Игорька я давно не видел: служебная машина отделу не полагалась, – и я легко и без сожаления распрощался с бывшим водителем. И сейчас так же подумал: легко и без сожаления… Потому что мы квиты, – и доброе дело, совершенное им после аварии под Сокольцом, перечеркнуто предательством в моем доме: Игорек проговорился…
Кого еще забыл? Черныха? После скоропостижной смерти Владимира Игнатьевича его бальзаковским начинаниям пришел конец, – и в парке, на подворье стало уныло, штукатурка на здании посыпалась, леса на часовенке сгнили и торчали, как ребра музейного динозавра. Мы с Дашей несколько раз наведывались в Верховню и всякий раз уезжали с горьким осознанием, что Екклесиаст прав: «Нет памяти о прежнем; да и о том, что будет, не останется памяти у тех, которые будут после».

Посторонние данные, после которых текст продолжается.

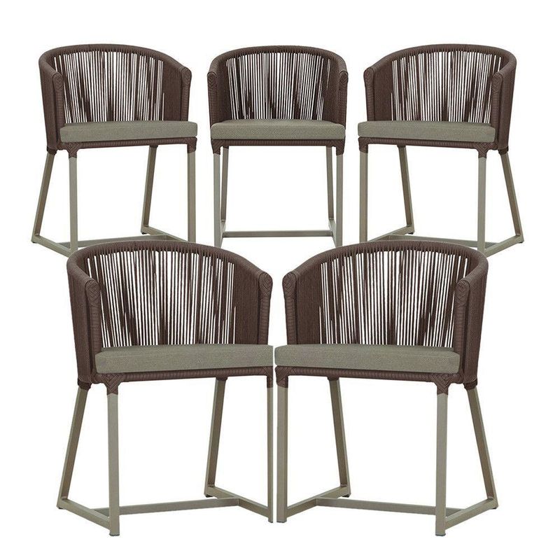 5 Cadeiras De Jantar Noronha Fendi Corda Náutica E8 Trama Marrom
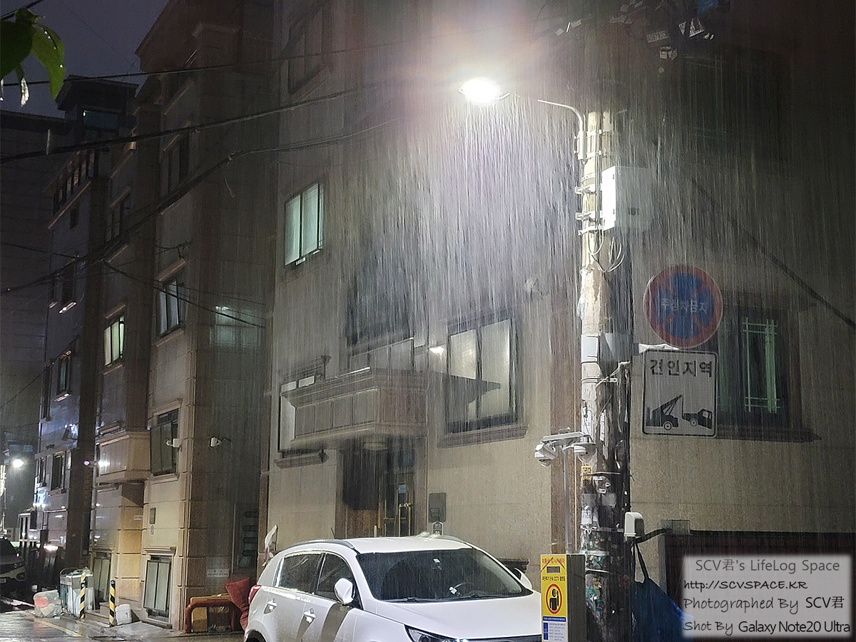 밤에 소나기로 30분 이내에 강한 강수가 집중된다더니 마침 외출하는 타이밍에 그 거센 비를 만났습니다.

Тут я невольно вспомнил Надежду Гузь. Несколько раз она приезжала в область по служебным делам, – и, встречаясь, мы перекидывались ничего не значащими фразами, как если бы никогда и ничего не было между нами. Взгляд у нее оставался все таким же – обволакивающе-глубоким, но, честно говоря, в последнюю встречу мне было не до ее взгляда: в том году от меня неожиданно ушла Даша. Но то уже другая история, и другая жизнь…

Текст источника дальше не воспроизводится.